A PR needs two approvals to merge:

  1. Security — at least one reviewer from the security team. They check for safe guardrails, no leaked secrets, and that the recipe doesn’t inadvertently create a worse problem than the finding it’s fixing.
  2. Owning team — at least one reviewer from the team that will be on-the-hook for the prompt or recipe. This is the sanity check that it actually reflects how the team works.
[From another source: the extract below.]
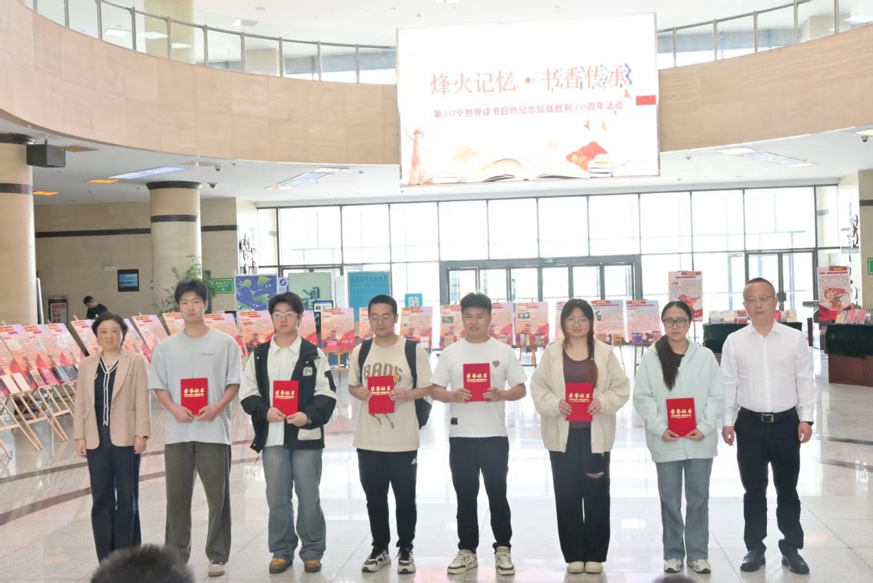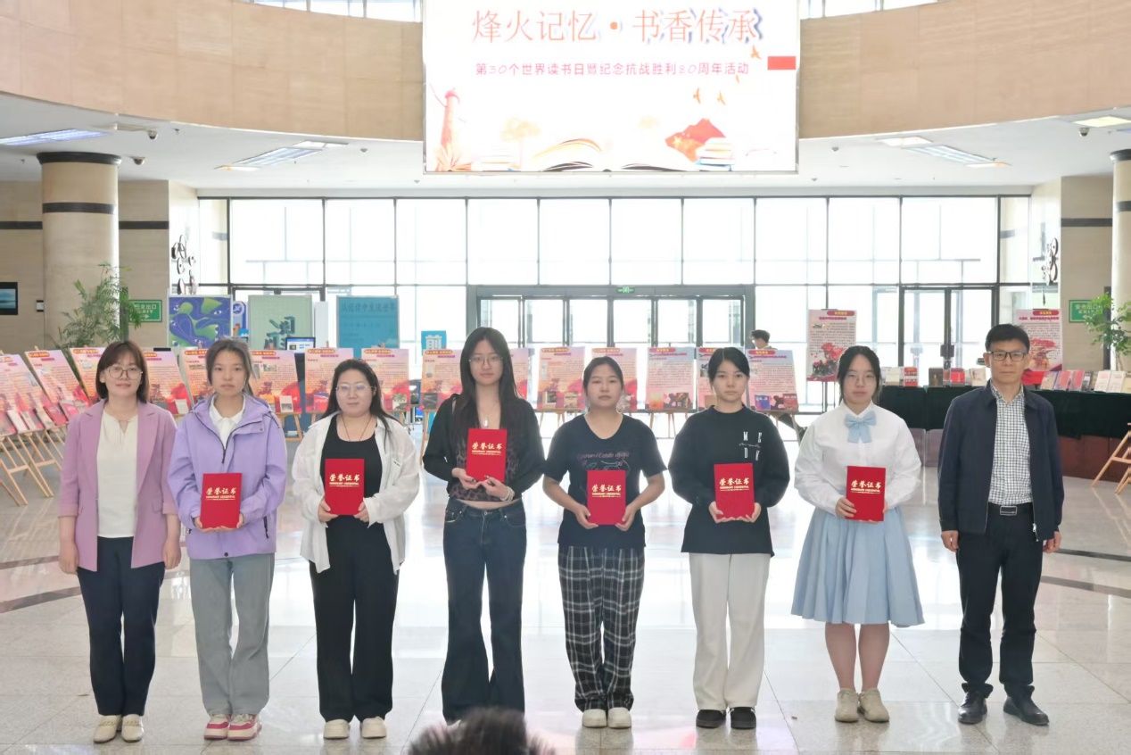 程永清在仪式上致辞。他谈到,书籍是知识的载体,是人类进步的阶梯。“世界读书日”的设立,旨在倡导阅读对人类文明进步的重要意义,通过阅读不仅能够帮助我们增强知识量的积累,还能让我们开阔视野、塑造品格。近年来,学校通过开展“书香校园建设”“读书分享会”“诵读经典”等系列活动,让书籍成为了大家的良师益友,让图书馆成了校园里最温馨的港湾。他指出,今年是中国人民抗日战争暨世界反法西斯战争胜利80周年,今天我们举行的主题展览活动,主要是以抗战时期重要历史事件为主线,以红色文化纪念馆门票、抗战期间相关书籍为载体,带领我们追忆那段血与火的岁月,用心感悟革命先辈的信仰与坚守。希望全体师生以此次活动为契机,读经典,用人类智慧之光涤荡我们的灵魂;忆先烈,让伟大抗战精神激励起我们实现民族复兴的精神动力,以书香润泽初心,在阅读中提升境界,在铭记中坚定信仰。

Expected turnaround is 3 business days for a first review. Ping the reviewers in chat if it’s been longer — PRs go stale fast.

Running the site locally

Prereqs:

Run these from the repository root:

npm install                  # install the Eleventy toolchain
npm run serve                # → http://localhost:8080, incremental rebuilds

Prefer Docker?

docker build -t security-recipes .
docker run --rm -p 3000:80 security-recipes
# → http://localhost:3000

Security and sensitive data

This repository is public community-driven. Before opening a PR:

  • No customer data, PII, or production hostnames.
  • No API keys, tokens, session cookies, or signed URLs.
  • No internal-only URLs (Jira ticket IDs, internal wiki links) — link to the public equivalent if one exists, or drop the link.
  • When in doubt, ask Security to review before opening the PR.

If you spot a security issue in the repo itself (leaked token in history, live secret in a config), do not open a public issue. Email security@<your-org>.com and we’ll triage privately.

License

By contributing, you agree that your contributions will be licensed under the MIT License — the same terms as the rest of the project.